Dazed Musing

          In the afternoon light my living room becomes an arabesque of flickering shadows and light. The gray leaves on the floor dance in synchronized step to the green leaves beyond. Greens and grays entwine like lovers who cannot bear to be parted. The collaboration of Light and Air directs the choreography. Gray sings dark harmony to bright songs sung by Green.

           Or so it seems to me.

           Maybe it seems that way to me because of the pleasant hallucinogenic effect of the smoke swirling suggestively through my head. I wonder, Is it me waxing poetic, or is it the smoke?

           Should I care which? Does it matter how beauty gets noticed? I've seen what I hadn't noticed before. Revelation is welcome whether from within or without. Have I gained enough in musing over shadows and solids to count it as revelation?

          Sure, why not? Revelatory understanding often comes from no more than looking carefully at what you didn't look at carefully before. Small revelations sometimes reveal large revelations. Even if they don't, small revelations are enlightening on their own. Seeing is always better than not seeing.

          Everything is linked.

           Shadow can't exist without Solid. The dance of both can't exist without Light.
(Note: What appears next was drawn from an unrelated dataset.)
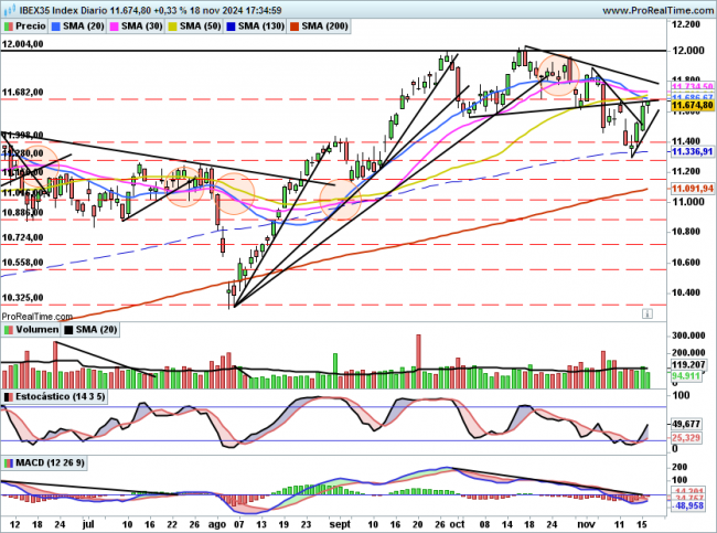 El volumen en el rebote es inferior a la media diaria del ultimo mes, el estocástico ha marcado compra, el MACD sigue bajista.

The dance of the leaves can't exist without the caprice of billowing Air.

           Linkage expands understanding, by coincidence.

          Plato uses coincidence in his metaphor of a viewer trapped in a cave. The viewer assumes the shadows inside the cave match, coincidentally, the reality outside the cave. Plato's dim view of how reliably reality is understood matches my own.
As a result I wonder about everything. Does, this, correspond to that, or is the coincidence meaningless?

          I enjoy the wondering. I wonder how much dazzlement there is in my musing.

           Enough of that.

Just now, I enjoy the dance of shadow and form: Gray leaf and Green leaf; concordantly entangled. How could I have missed this beautiful relationship. I'd seen the dance before but hadn't really paid attention to it.   

           Is it the hallucinogenic smoke, or is it me? Am I imagining, or am I just noticing what was always there but hadn't considered. How is that hallucination?
          Idleness had as much to do with my musing as the smoke. It's hard to get a clear view of anything when you're whizzing past it.

          I watch the dance for hours; eventually my musing changes.

          Thoughts of sandwich and beer invade my reflections.

          The light of late afternoon passes through my glass
of Heineken bestowing grace upon my simple meal of pepperoni, green onion, and bread. Smoke, beauty, wonder, and appetite, have conspired to make me grateful for a perfectly ordinary day that might otherwise have slipped away without my proper appreciation.

           Was it the smoke or was it me? Does it matter?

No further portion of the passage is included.